22 Ekim 2012 Pazartesi

Neredeyim?:)

 
- Fıstık yeşili bavulun sapı koptu ve haşatı çıktı! Allah'tan üzerine takılan ''fragile'' etiketinin yardımıyla olsa gerektir, içindeki kırılacaklara bişey olmamıştı. Boşaltılıp kendisine şimdiye kadarki hizmetleri için teşekkür edildikten sonra artık çöpün kenarına bırakılacak.
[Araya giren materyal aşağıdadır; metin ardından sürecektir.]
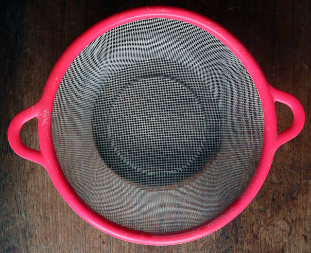 So this is my £1.00, off the market, low status sieve I usually use for straining the seeds out of my tabasco-style chile sauce. It doesn’t count as baking gear – why you can even see the mesh without magnification – but it has its uses.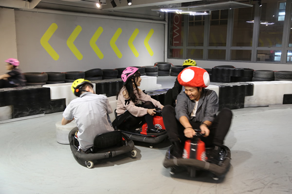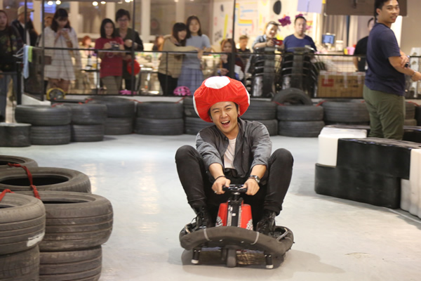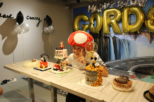 除了跟粉丝玩小游戏之外,这次生日会主题“ Super Gordon”,大家都有一个卡通人物小造型一起玩卡丁车,在小型赛车场上跟粉丝们飊车大斗一番。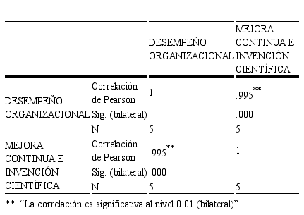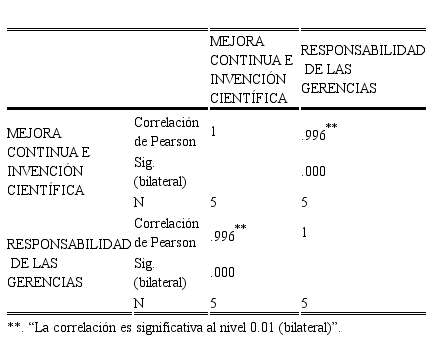 En esta prueba, lo que se ha buscado es comprobar si el modelo de desempeño, de acuerdo a las responsabilidades de las gerencias influyen en forma favorable con relación a la mejora continua e invención científica en las empresas del sector lácteo, su valor de correlación es de 0.996, existiendo una correlación muy favorable, y con un valor de significancia de 0.000 concluyendo que se acepta la hipótesis alterna y descartando la nula.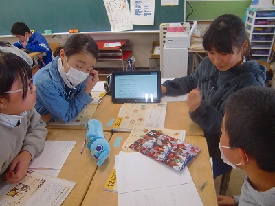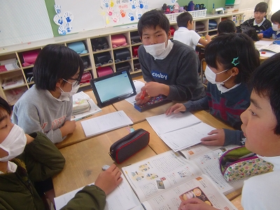 写真は、6年生の授業風景です。班の真ん中にタブレット型パソコンを置き、何やら話し合っているようですが、何の授業かおわかりでしょうか?正解は家庭科です。調理実習で作る献立の食材や作り方を調べているのです。私の子どもの頃には絶対に無かった授業であることは間違いありません。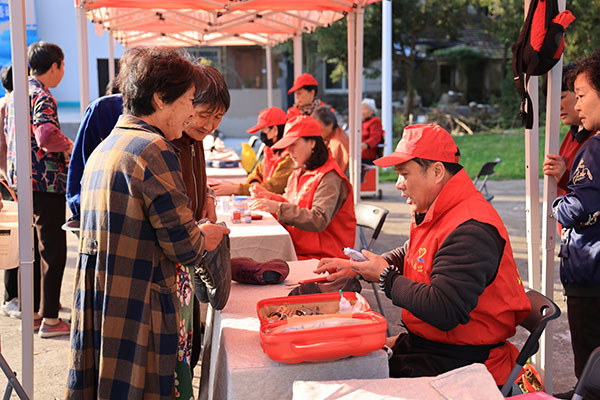 在志愿服務(wù)市集區(qū),文明實(shí)踐項(xiàng)目如約而至,理發(fā)、推拿、維修家電、量血壓、測(cè)血糖,依舊吸引了村民們前來參與。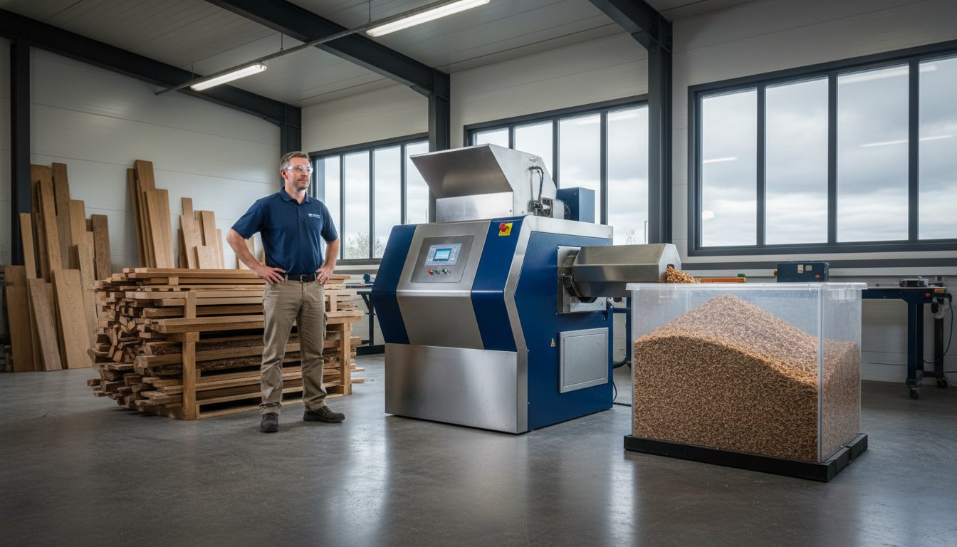 Selecting the correct machinery begins with a precise audit of your weekly waste output. A joinery shop generating 5 tonnes of offcuts per week requires a significantly different specification than a high-volume factory producing 25 tonnes. You must measure your waste by volume, typically in cubic metres, to determine the necessary hopper capacity and throughput speed. For most UK SMEs, a throughput of 100kg to 300kg per hour provides the necessary headroom to manage peak production periods without creating bottlenecks. Over-specifying leads to unnecessary energy costs, while under-specifying results in mechanical strain and frequent downtime.

Çok kaliteli bir bavulla uzun ve aktarmalı seyahatlere çıkmanızı tavsiye etmem, gözden çıkarabileceğiniz ama iş de görür birşey olsun ki; sonradan ''ulen bu bavul da haşat olmuş işte, tüh!..'' demeyesiniz. Zira top gibi oradan oraya fırlatılıyor bagajlar, eğer bavulunuza aşkla bağlıysanız uluslararası havaalanlarında bulunan ''bagaj koruma sistemleri''nden destek alabilirsiniz, birkaç euro karşılığında kalın renkli naylonlarla kundaklanıyor bagajlar, sonradan açmak için ekstra bir  uğraşı da göze almalısınız elbette...

- 3500 km. yol kardeşim, 4.5 saatlik uçuş anlamına geliyor, üzerine İstanbul-İzmir uçuşunu da ekle, püfff yani! Hele bir de bir saati aşan rötar olunca ve aktarma uçuşunda da gene rötarla karşılaşınca öğlen başlayan seyahat, ancak sabaha karşı 03.00'lerde falan sona erebiliyor! Saat farkı, para birimi değişikliği, ''ben şimdi neredeyim yâhû?..'' karmaşası, bavul ve çanta kaosu daha bir müddet devam eder ama fazla sürmez, düzelir...
- Lizbon'daki evimiz ''Casa Claudia''ya çok alışmışız,  ayrılırken hüzün kapladı:( Neredeyse sevgili Friendly Rentals yetkililerine ''pencereleri açık unutmayın haa, yağmur giriyor sonra içeriye...'' ya da ''balkon kapısının altındaki bezi kaldırmayın, su alırsa o güzelim ahşaplar kabarır, ona göre...'' falan gibi direktifler verecektik. Bir ortalığı silip süpürmediğimiz, çamaşırları yıkayıp ütülemediğimiz, camları, balkonları paklamadığımız kaldı! Ülke kuralları gereği ayrıştırdığımız çöplerimizi bile kendimiz çıkarıp bidonlara götürdük. Evi güzelce havalandırdık. Sahiplenmişiz meğer bu çok eski ve güzel evi, emektar ''Casa Claudia''ya, kısa süreli apartman komşularımıza, Friendly Rentals Lizbon ekibine ve bilhassa her ihtiyacımızla derhal ve yakından alâkadar olan uzun ve bohem Lizbonlu Jaoui'ye gönülden teşekkür. O minare kadar boyuyla biz aşağıdaki cücelerin ne dediğini anlaması biraz zaman aldı adamcağızın ama olsun:) Aman eve iyi bakın, ortalığı dağıtmayın, incitmeyin, üzmeyin onu e mi?..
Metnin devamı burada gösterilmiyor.